Begin the copy at the line containing "A camel coat" in the data below and end it at the line containing "Приталенная женская рубашка", keeping each line exact and leaving out pictures.

[Data under study]:
= Beginning of Section =

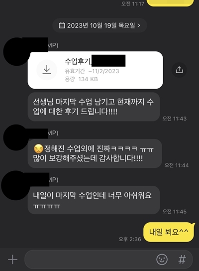 그래도 마지막 수업 때까지 부족한 부분 없는지 계속해서 체크해 주시고 뭐라도 챙겨주시려고 하시는데 너무 감사했어요.
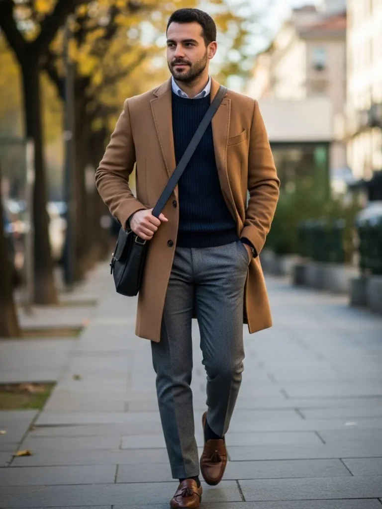 A camel coat is layered over a navy top and gray trousers, finished with classic brown shoes. The longer coat adds structure while the softer colors keep the outfit balanced and seasonal.
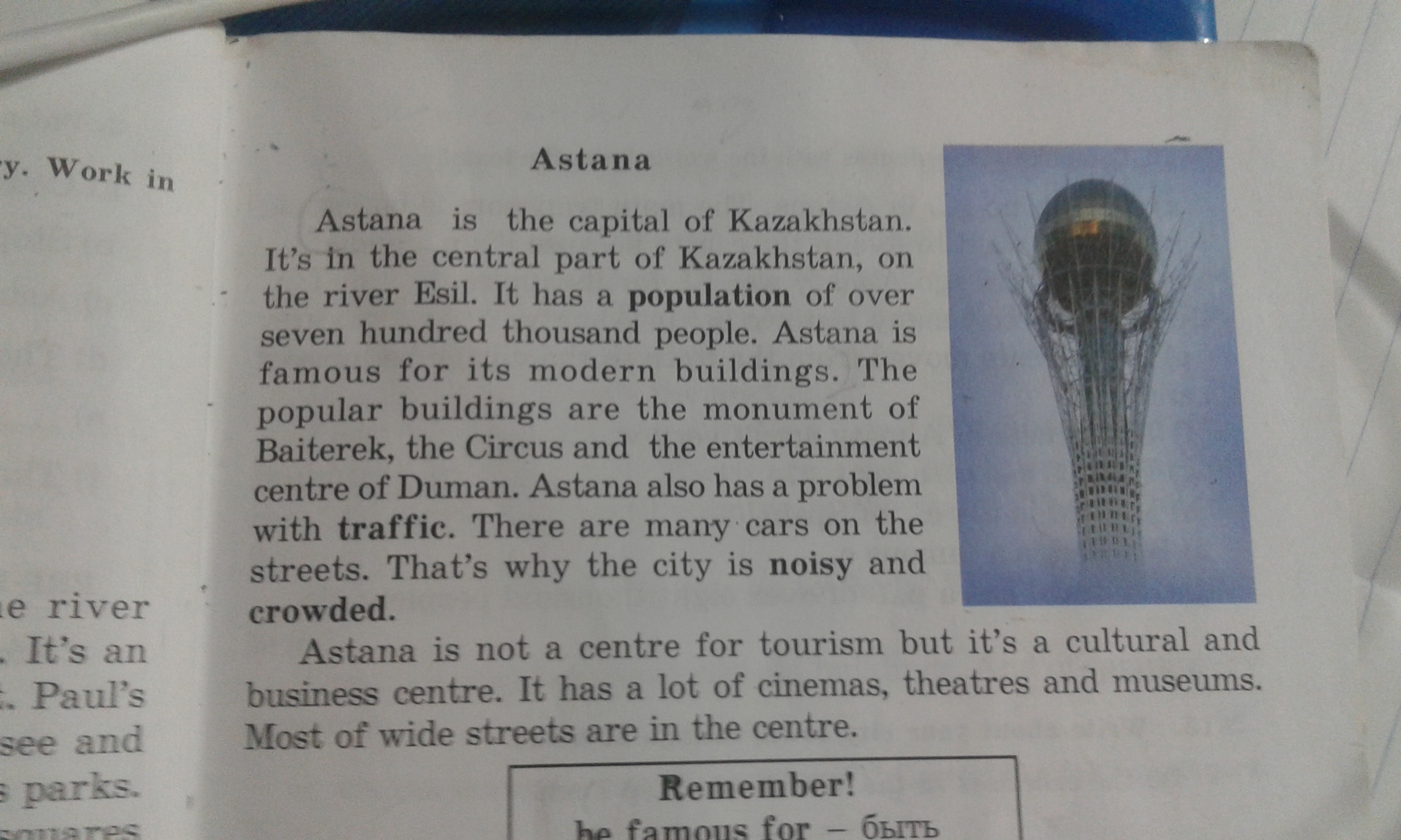 Астана - столица Казахстана. Она находится в центральной части Казахстана, на реке Ишим. В ней проживают более 700 тысяч человек. Астана известна благодаря своим современным постройкам. Популярными постройками являются монумент Байтерек, цирк и развлекательный центр Думан. У Астаны также есть проблема с трафиком (движением). На улицах очень много машин. Из-за этого город шумный и переполненный.
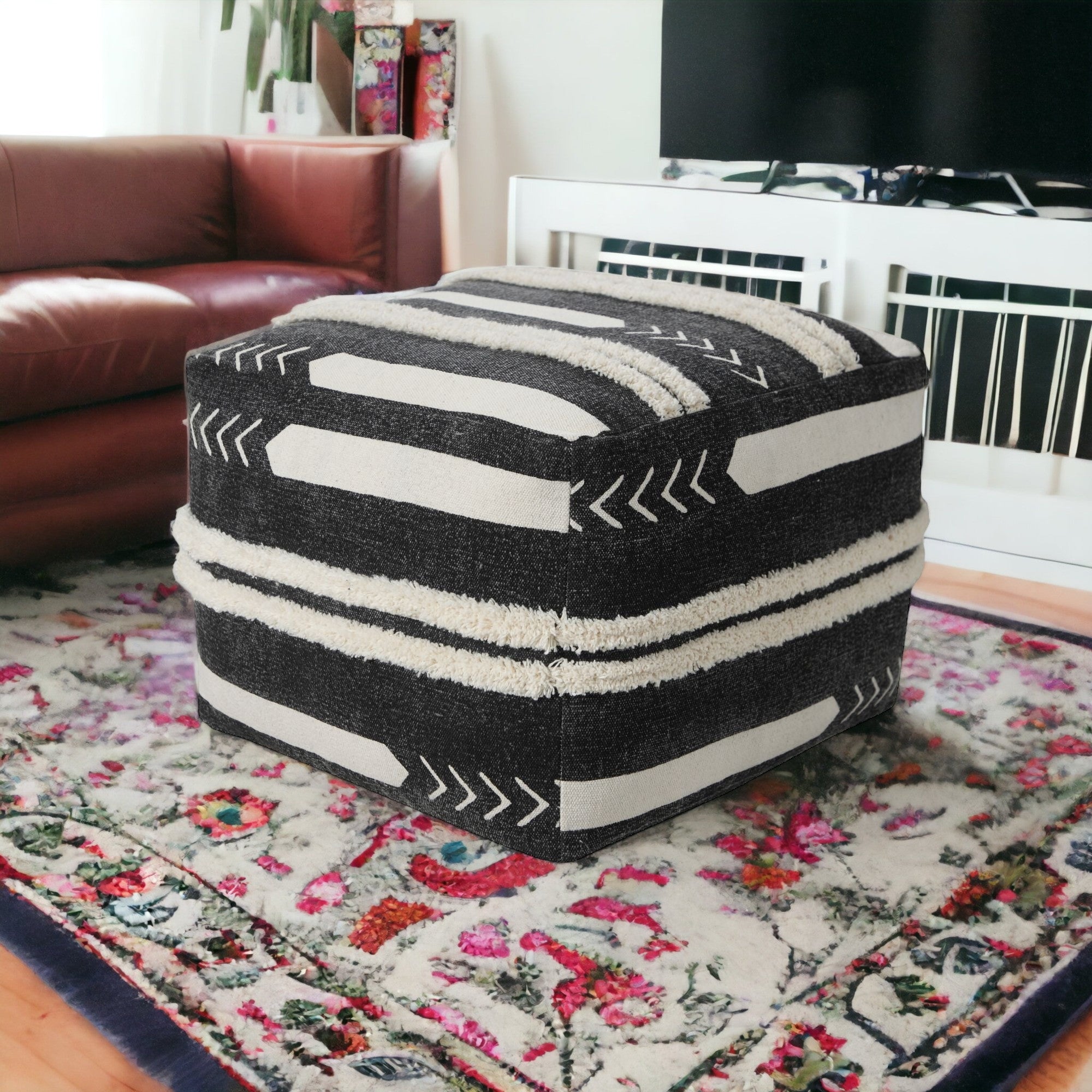 - Versatile pouff floor seating type with a convenient 18-inch size.
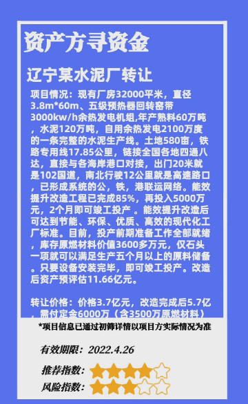 近兩年來(lái)多有企業(yè)和相關(guān)機(jī)構(gòu)通過(guò)市場(chǎng)交易平臺(tái)掛牌出讓生產(chǎn)線及相關(guān)設(shè)備資產(chǎn)等。北京產(chǎn)權(quán)交易所、 甘肅省產(chǎn)權(quán)交易所以及廈門(mén)產(chǎn)權(quán)交易中心信息顯示,近期金隅冀東 、祁連山水泥等多家水泥企業(yè)均有發(fā)布相關(guān)轉(zhuǎn)讓信息。
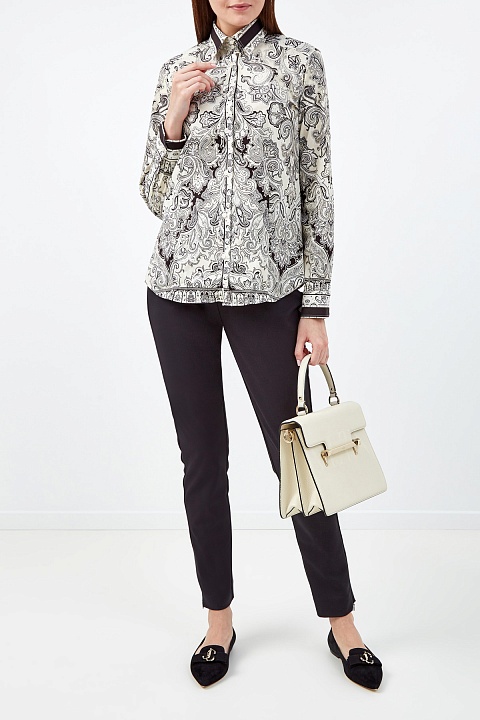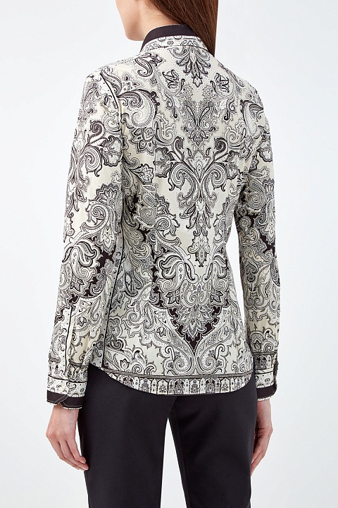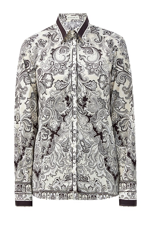Приталенная женская рубашка от Etro выполнена из плотного хлопка в оттенке слоновой кости. Выверенный состав делает ткань эластичной, сохраняя комфорт в движении. Принт в технике печати был подобран специально под каждый из элементов кроя. За счет закругленных нижних кромок изделие органично смотрится как в заправленном виде, так и навыпуск. Детали: классический отложной воротник, застежка на пуговицы из перламутра. Сделано в Италии.
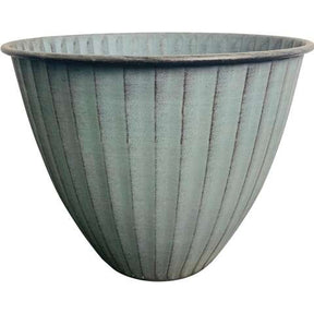 This 8" Monroe Ironstone planter is a one-piece planter with a beautiful sandstone texture and finish. Made of repurposed automotive steel from a car door factory, it is pressed into shape and spun and has no seams or welds to leak or rust. It is powder-coat painted three times with our exclusive Ironstone finish, a three-stage finish that includes a base, a hand-brushed two-tone and a sandstone texture coat.
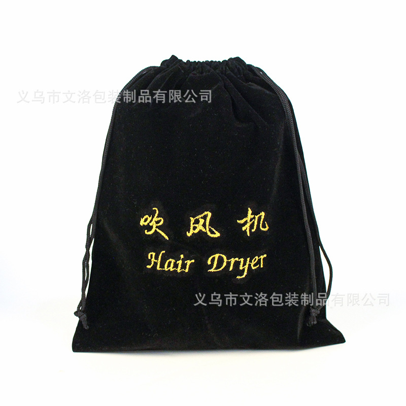 工厂现货批发黑色刺绣绒布袋束口抽绳袋吹风机包装袋25*30cm定制
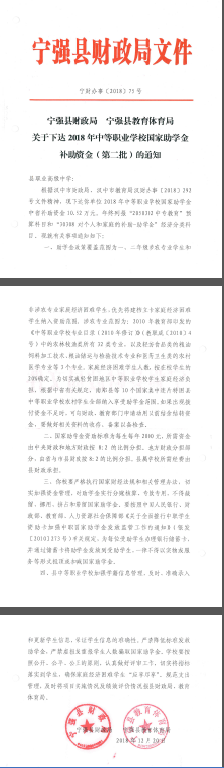 關于下達2018年中等職業學校國家助學金補助資金(第二批)的通知
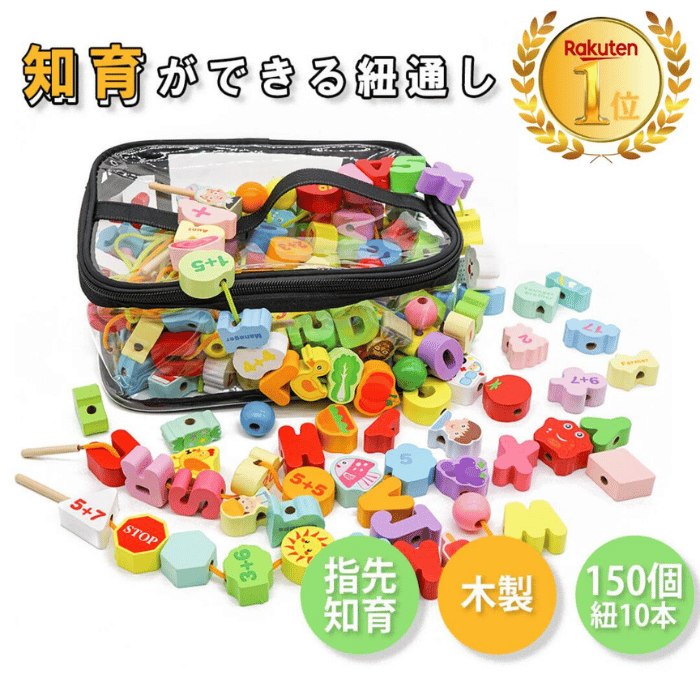 アルファベットだけでなく、動物や食べ物など、150個ものブロックがあり、飽きずに楽しめる紐通しおもちゃです。
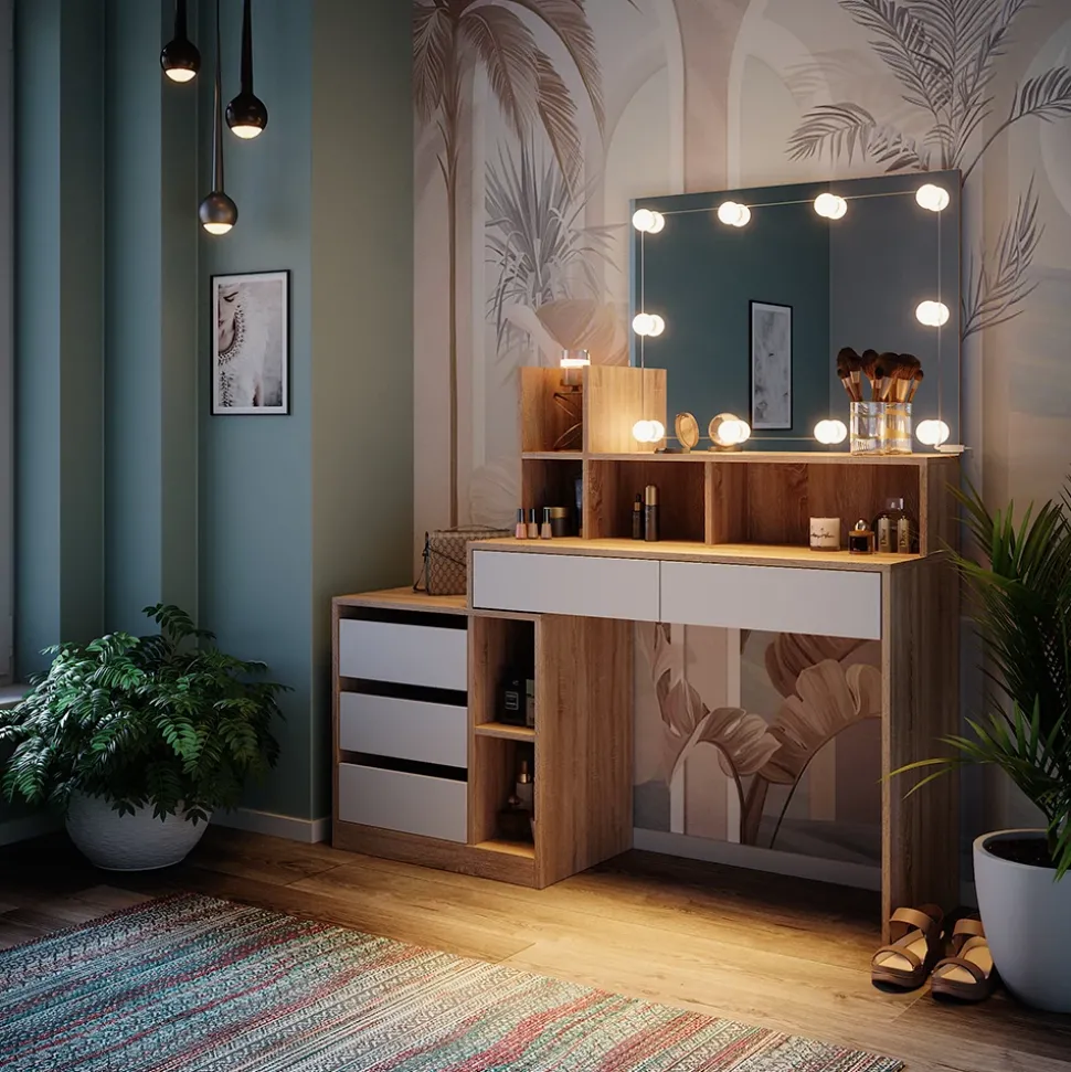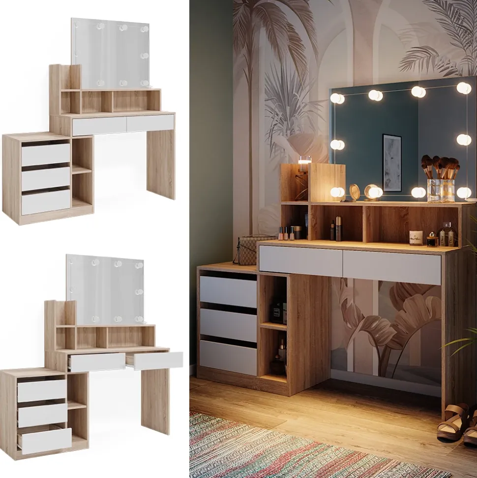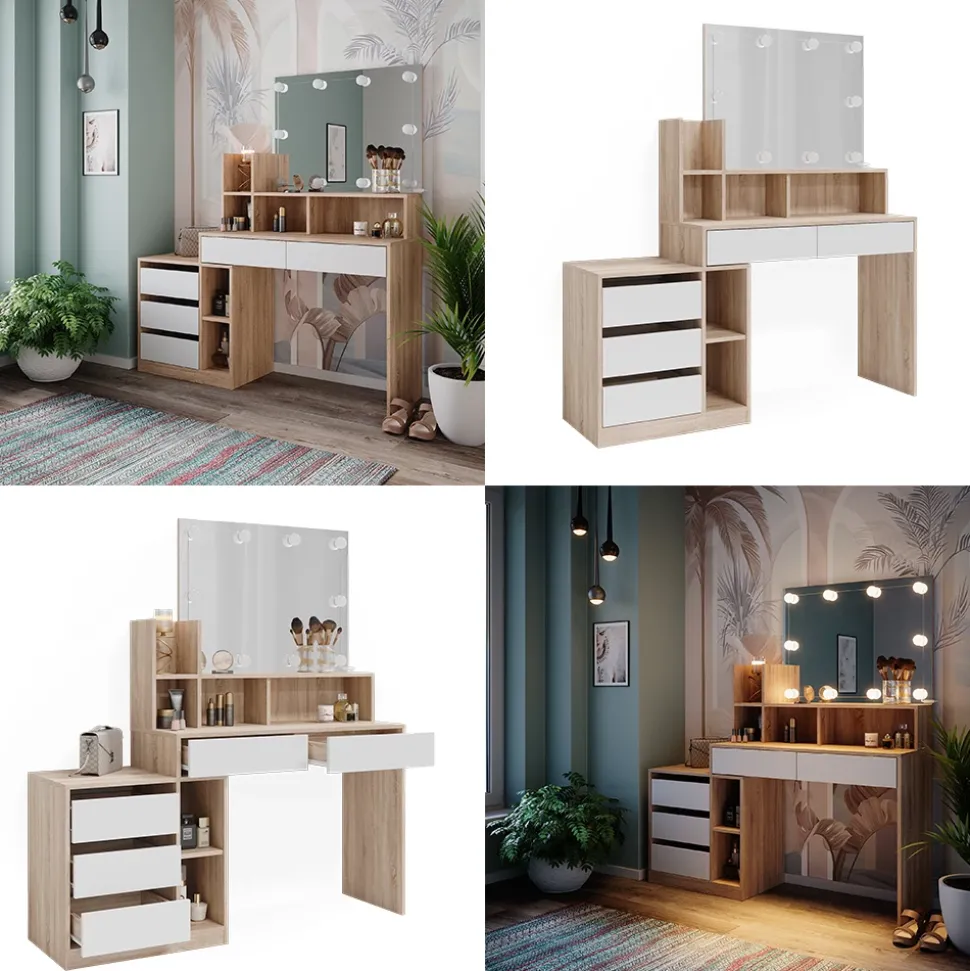 - Der Kosmetiktisch mit Spiegel bietet praktische Aufbewahrungsfächer und eine integrierte Beleuchtung für optimales Make-up. Das elegante Design sorgt für ein stilvolles Ambiente in jedem Raum.

= End of Section =

[Finished exercise]:
 A camel coat is layered over a navy top and gray trousers, finished with classic brown shoes. The longer coat adds structure while the softer colors keep the outfit balanced and seasonal.
 Астана - столица Казахстана. Она находится в центральной части Казахстана, на реке Ишим. В ней проживают более 700 тысяч человек. Астана известна благодаря своим современным постройкам. Популярными постройками являются монумент Байтерек, цирк и развлекательный центр Думан. У Астаны также есть проблема с трафиком (движением). На улицах очень много машин. Из-за этого город шумный и переполненный.
 - Versatile pouff floor seating type with a convenient 18-inch size.
 近兩年來(lái)多有企業(yè)和相關(guān)機(jī)構(gòu)通過(guò)市場(chǎng)交易平臺(tái)掛牌出讓生產(chǎn)線及相關(guān)設(shè)備資產(chǎn)等。北京產(chǎn)權(quán)交易所、 甘肅省產(chǎn)權(quán)交易所以及廈門(mén)產(chǎn)權(quán)交易中心信息顯示,近期金隅冀東 、祁連山水泥等多家水泥企業(yè)均有發(fā)布相關(guān)轉(zhuǎn)讓信息。
Приталенная женская рубашка от Etro выполнена из плотного хлопка в оттенке слоновой кости. Выверенный состав делает ткань эластичной, сохраняя комфорт в движении. Принт в технике печати был подобран специально под каждый из элементов кроя. За счет закругленных нижних кромок изделие органично смотрится как в заправленном виде, так и навыпуск. Детали: классический отложной воротник, застежка на пуговицы из перламутра. Сделано в Италии.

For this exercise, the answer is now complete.